VI. Sur les chemins de l'austérité, peut-on encore rêver d'Europe ?
Pourquoi l'Europe est-elle allée aussi loin dans l'adoption des règles de la nouvelle économie classique et du
monétarisme ?
Lorsque les critères de la réputation sont la discipline budgétaire et la vertu monétaire, et que la réputation
importe pour faire entendre sa voix dans le club européen, il s'établit une espèce de « concours de beauté »
où chacun est incité à surenchérir.
Critique des politiques d'austérité. Trouve la réalité d'aujourd'hui franchement laide alors que son visage
aurait pu être plus avenant. Effectue un rêve fédéraliste à base de démocratie européenne avec un peuple
européen qui aurait la parole.
VII. La mesure de toute chose
Carré magique de Kaldor, les objectifs de la politique économique devraient être :
• Le plein emploi (le plus important)
• La croissance
• La stabilité des prix
• L'équilibre extérieur
→ Pourtant, la plein emploi a été sacrifié pour l'objectif de stabilité des prix puis de l'équilibre budgétaire.
Nous voulons faire du PIB la mesure de toute chose – performance, bien-être, qualité de vie – alors qu'il ne
représente qu'une mesure de l'activité économique non marchande.
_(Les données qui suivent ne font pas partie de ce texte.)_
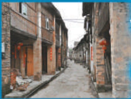
▲中山鎮內的千年古街
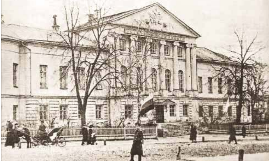
Здание Рязанской губернской мужской гимназии (фото конца XIX – начала XX вв.)

не только повторяет, но и детализирует свою просьбу: «Сим ещё прошу вас не оставить их в случае надобности, снабдив их всем, что будет им нужно, на счёт Московской губернской гимназии. Квартира может им отведена быть в новом гимназическом доме. На стол, по мнению моему, достаточно положить на каждого пять рублей в месяц, которые прошу вас выдавать г. Назарьеву ежемесячно с распискою. ... Впрочем, я всего ожидаю от вашего благоразумия и надеюсь, что если бы по обстоятельствам принуждены были следовать и далее, вы не оставите подать им руку помощи». Просьбу Дружинина поддержал, со своей стороны, и попечитель учебного округа.
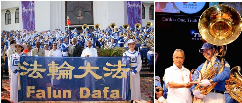
天国乐团应邀在印度首届精神领袖会议演奏 主办单位颁发奖座给天国乐团
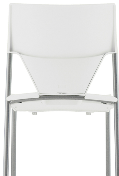
Blanc pur RAL 9010 Pure white RAL 9010
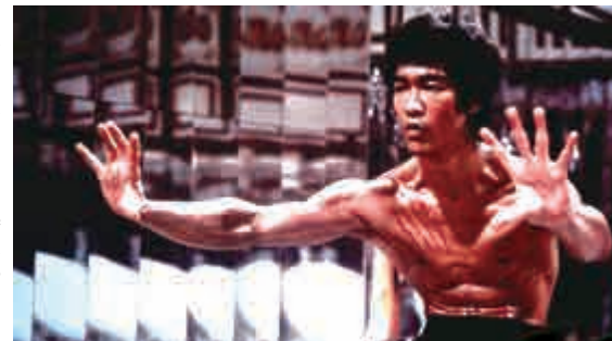
▲李小龙主演的《龍爭虎鬥》資料圖片

紐約懷舊功夫電影節由主辦紐約亞洲電影節的地鐵影院和經典電影檔案館聯合主辦，香港駐紐約經貿處提供贊助。
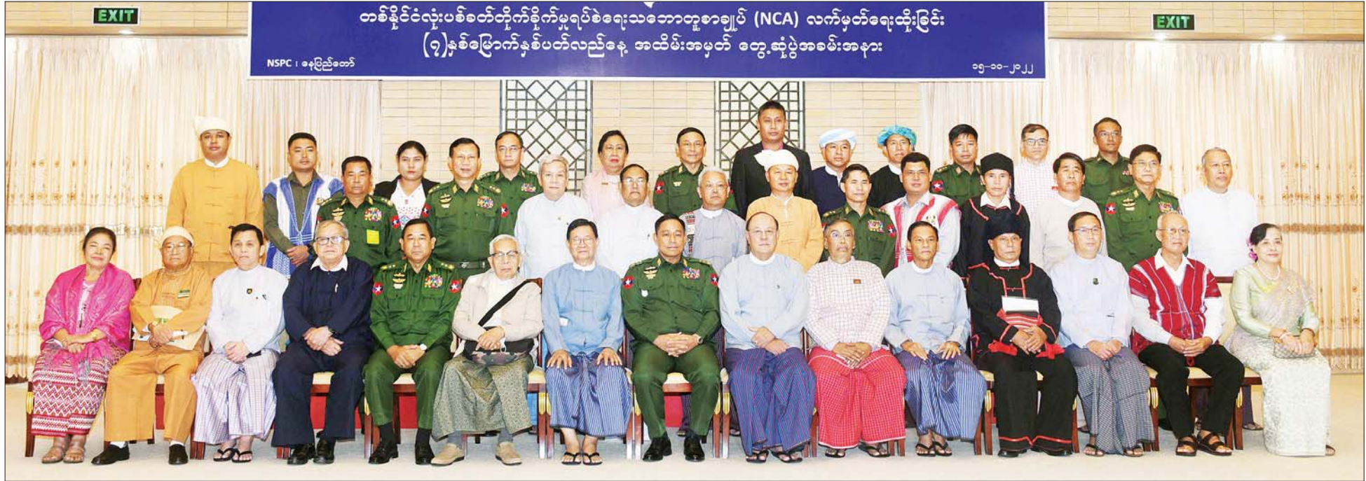
အမျိုးသားစည်းလုံးညီညွတ်ရေးနှင့် ငြိမ်းချမ်းရေးဖော်ဆောင်မှု ညှိနှိုင်းရေးကော်မတီဥက္ကဋ္ဌ ဒုတိယဗိုလ်ချုပ်ကြီး ရာပြည့်နှင့် တက်ရောက်လာကြသူများ တစ်နိုင်ငံလုံးပစ်ခတ်တိုက်ခိုက်မှုရပ်စဲရေး သဘောတူစာချုပ် (NCA) လက်မှတ်ရေးထိုးခြင်း (၇)နှစ်မြောက် နှစ်ပတ်လည်နေ့ တွေ့ဆုံပွဲအခမ်းအနားတွင် စုပေါင်းမှတ်တမ်းတင်ဓာတ်ပုံရိုက်စဉ်။

အဖွဲ့ဝင်များဖြစ်ကြသည့် နယ်စပ်ရေးရာဝန်ကြီးဌာန ပြည်ထောင်စုဝန်ကြီး ဒုတိယဗိုလ်ချုပ်ကြီး ထွန်းထွန်းနောင်၊ သယံဇာတနှင့် သဘာဝပတ်ဝန်းကျင် ထိန်းသိမ်းရေးဝန်ကြီးဌာန ပြည်ထောင်စုဝန်ကြီး ဦးခင်မောင်ရီ၊ လူဝင်မှုကြီးကြပ်ရေးနှင့် ပြည်သူ့အင်အားဝန်ကြီးဌာန ပြည်ထောင်စုဝန်ကြီး ဦးမြင့်ကြိုင်နှင့် ယခင် MPC အကြီးတန်းအကြံပေး ဦးလှမောင်ရွှေ၊ ပြည်ထောင်စုအဆင့် ပစ်ခတ်တိုက်ခိုက်မှုရပ်စဲရေးဆိုင်ရာ ပူးတွဲစောင့်ကြည့်ရေးကော်မတီ (JMC-U) အဖွဲ့ဝင်များ ဖြစ်ကြသည့် ဦးပြည့်စုံ၊ ဦးမောင်မောင်ငြိမ်းနှင့် စိုင်းမျိုးသန့်တို့က NCA အထိမ်းအမှတ်စကားများ ပြောကြားကြသည်။ ဆက်လက်၍ ငြိမ်းချမ်းရေးလုပ်ငန်းစဉ်အစမှ NCA စာချုပ်ဖြစ်ပေါ်လာသည်အထိ ကိုယ်တိုင် ပါဝင် ကြိုးပမ်းဆောင်ရွက်မှုအတွက် ဂုဏ်ပြုထိုက်သည့် ပုဂ္ဂိုလ်များ၊ တိုင်းရင်းသားလက်နက်ကိုင်အဖွဲ့အစည်း ခေါင်းဆောင်များအား NCA (၇) နှစ်မြောက် နှစ်ပတ်လည်နေ့ ဂုဏ်ပြုလက်ဆောင်များကို ပေးအပ်ချီးမြှင့်ပြီး အခမ်းအနားကို အောင်မြင်စွာ ရပ်သိမ်းလိုက်သည်။ ထို့နောက် မှတ်တမ်းတင်ဓာတ်ပုံရိုက်ပြီး ဂုဏ်ပြုနေ့လယ်စာဖြင့် တည်ခင်းညှိနှိုင်းပွဲအပြီး သိရသည်။ သတင်းစဉ်
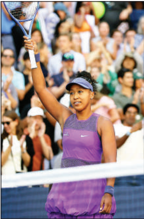
नाओमी ओसाका।

कोको गॉफ और नाओमी ओसाका ने शनिवार को जीत के साथ अमेरिकी ओपन टेनिस टूर्नामेंट के महिला एकल के चौथे दौर में प्रवेश किया जहां उनका आमना सामना होगा। इन दोनों पूर्व चैंपियन के बीच इससे पहले अमेरिकी ओपन में 2019 में मुकाबला हुआ था। ओसाका तब मौजूदा चैंपियन थी और उन्होंने 15 साल की गॉफ को सीधे सेटों में हरा दिया था। गॉफ इस हार के बाद अपने आंसू नहीं रोक पाई थी और ओसाका ने उन्हें संत्वना दी थी। ओसाका ने शनिवार को कहा मैं उसे एक छोटी बहन की तरह मानती हूँ, इसलिए यहां उसके साथ दोबारा खेलना अच्छा है। ओसाका 2021 में ऑस्ट्रेलियाई ओपन के बाद पहली बार किसी ग्रैंड स्लैम टूर्नामेंट
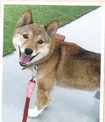
とみ→ひまわり 2022年 11/20 卒業
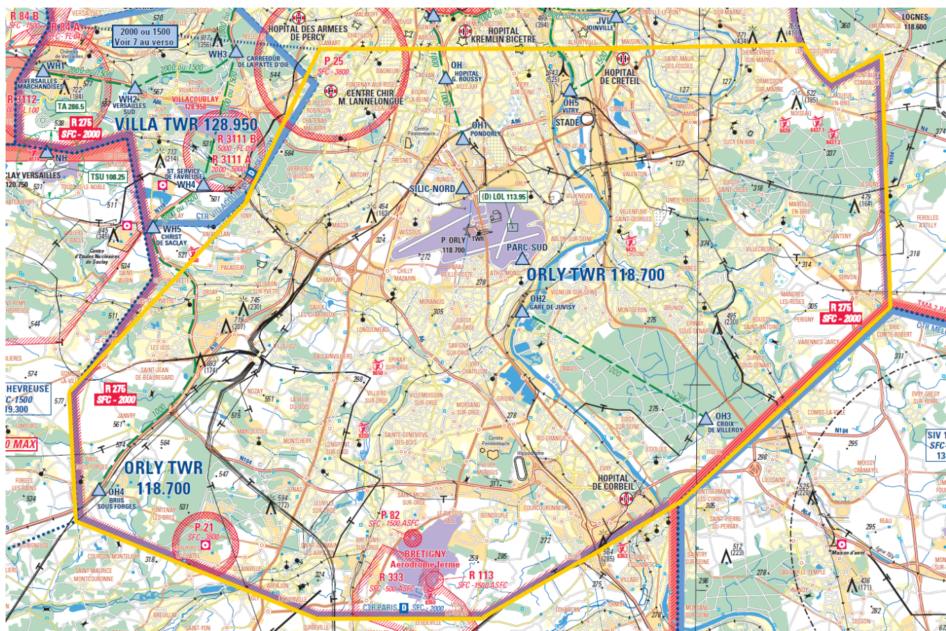
Voir Carte Itinéraire Hélicoptère - CTR Paris
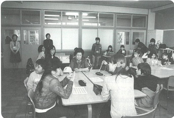
子ども日本語教室・授業風景

毎週（木）15時30分～16時30分 場所：二村会館（双峰小学校内） 共催：豊明市生涯学習課 教育委員会・生涯学習課
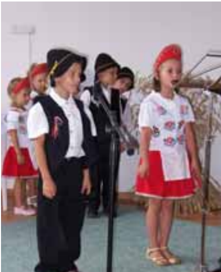
Az óvodások műsorral készültek
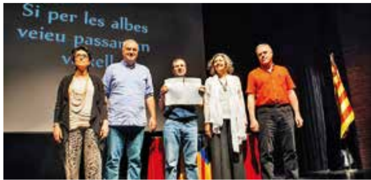
El coordinador de l'ANC amb els caps de llista i números 2 d'ERC i CiU.
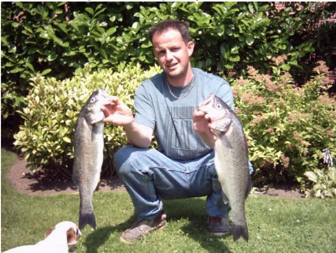
Groeten van de Zotten uit Beerse

Paar stekken aangedaan in Zee(baars)land en hier en daar een mooie baars verschalkt met de plug en ook enkele met een werppilkertje. 10 Baarzen hebben zich laten foppen door de Zotten , en enkele daarvan zullen weer heerlijk smaken ..... Ruudje weer op de foto met het mooiste duo ( +/- 60cm ) .

La mesure de la croissance doit être
accompagnée d'un indicateur d'évolution des inégalités.
L'évolution vers une plus grande flexibilité du marché du travail pourrait affecter négativement au-moins
deux des facteurs déterminants du bien-être :
➢ La qualité des emplois (la quête d'un emploi décent)
➢ La sécurité économique
NB : L'auteur a beaucoup travaillé avec Stiglitz mais surtout Amartya Sen.
8 déterminants objectifs au bien-être : la santé, l'éducation, le travail, la participation politique, les liens
sociaux, le degré d'insécurité personnelle, le degré d'insécurité économique, l'environnement.
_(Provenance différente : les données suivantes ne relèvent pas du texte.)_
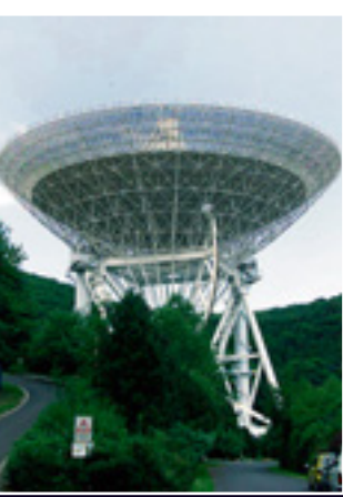
A Mit dem Radioteleskop Effelsberg (Bad Münstereifel) wurde der Pulsar im Zentrum unserer Milchstraße entdeckt

Die Forscher wollen zukünftig mit dem Pulsar u.a. die Umgebung des Schwarzen Lochs messen. bs
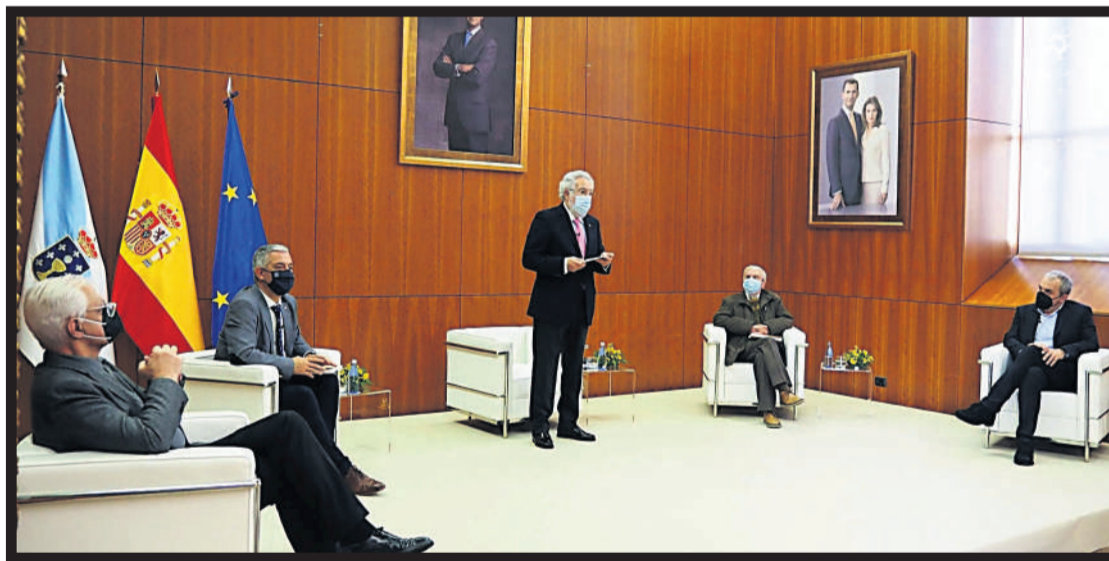
El presidente del Parlamento gallego durante su intervención en la presentación del libro dedicado a Celso Emilio
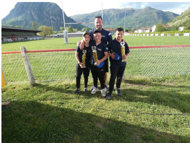
Champions de l'Ariège triplettes Minimés 2024 Boule Amicale Varilloise
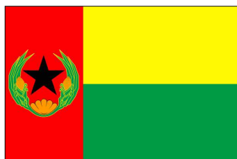
5 juil. 1975 - 22 sept. 1992
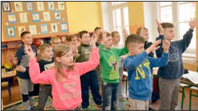
Dzięki systematycznym remontom uczniowie kształcą się w bardzo dobrych warunkach. Jedną z ważniejszych inwestycji, które zostały tutaj zrealizowane w 2017r. był remont dachu i kominów, który pochłonął 110 tysięcy złotych.
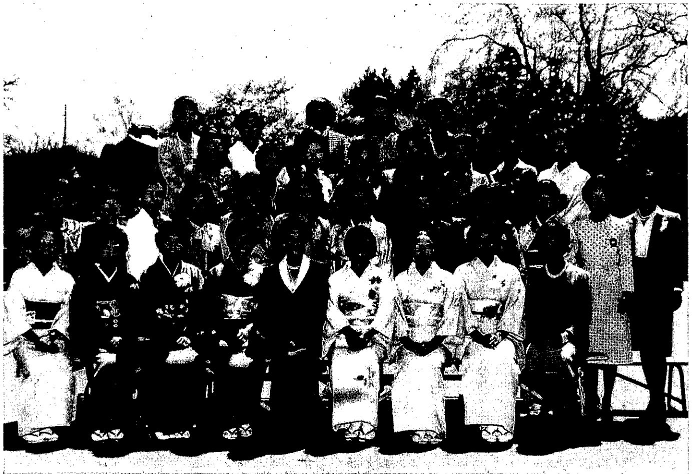
4月19日 認証6周年記念
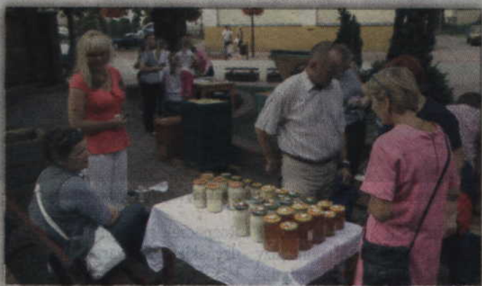
Podczas festynu można było kupić miód z tegorocznych zbiorów.
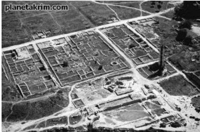
Регулярная, или прямоугольная
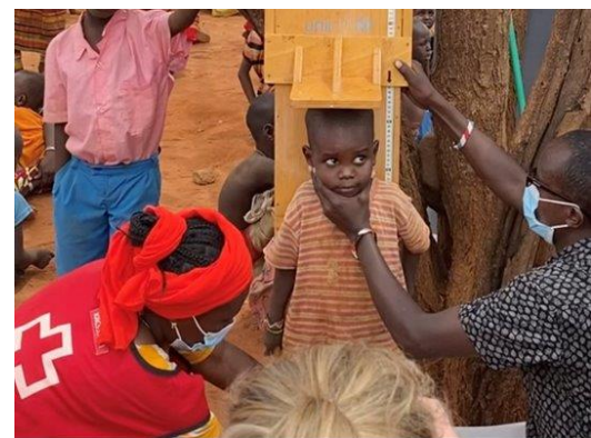
ケニア赤十字社は食料配布のほか、栄養失調の子どもたちに補助食品を提供するプログラムも実施しています

こうした緊急支援は、命をつなぐためになくてはならないものですが、他方で限界もあります。それは、食料配付は永遠に続けることができないこと、食料危機のような人道危機は将来も繰り返し起こりうること、限られた資源では多くの人々を助けることができないこと、さらには、アフリカに内在する慢性的な貧困、安全な飲料水の不足、栄養不良、劣悪な衛生環境が内在する現実があるためです。

→ Tant que les politiques économiques seront fondées sur les mesures traditionnelles de la comptabilité
nationale, elles pourront avoir des effets collatéraux défavorables, sur nombre de déterminants du bien-être.
Besoin d'un véritable indicateur de soutenabilité car aujourd'hui le développement durable est un concept très
flou où chacun y met ce qu'il désire.
La soutenabilité est composée de 4 sous sphères : économique, social, environnemental et politique qui
entretiennent des relations étroites entre elles.
Conséquences des politiques d'austérité en temps de récession :
1. Destruction du capital humain : le chômage est en hausse partout et notamment le chômage des
jeunes et de longue durée. Destruction amplifiée par la baisse des dépenses dans l'éducation et la
diminution des dépenses de santé également
2. Réduction du capital social : l'exclusion du marché du travail restreint le périmètre des relations
sociales des individus. Emploi = moyen privilégié des relations sociales notamment car offre à la
personne la dignité liée à l'intégration à la Cité. Les personnes en plus se sentent aujourd'hui
responsables de leur échec.
3. Capital naturel également affecté : la diminution des dépenses concerne aussi les services
environnementaux, la rénovation urbaine et l'investissement dans les nouvelles technologies de
l'énergie et de l'environnement.
4. Capital public menacé : recommandations de privatisation.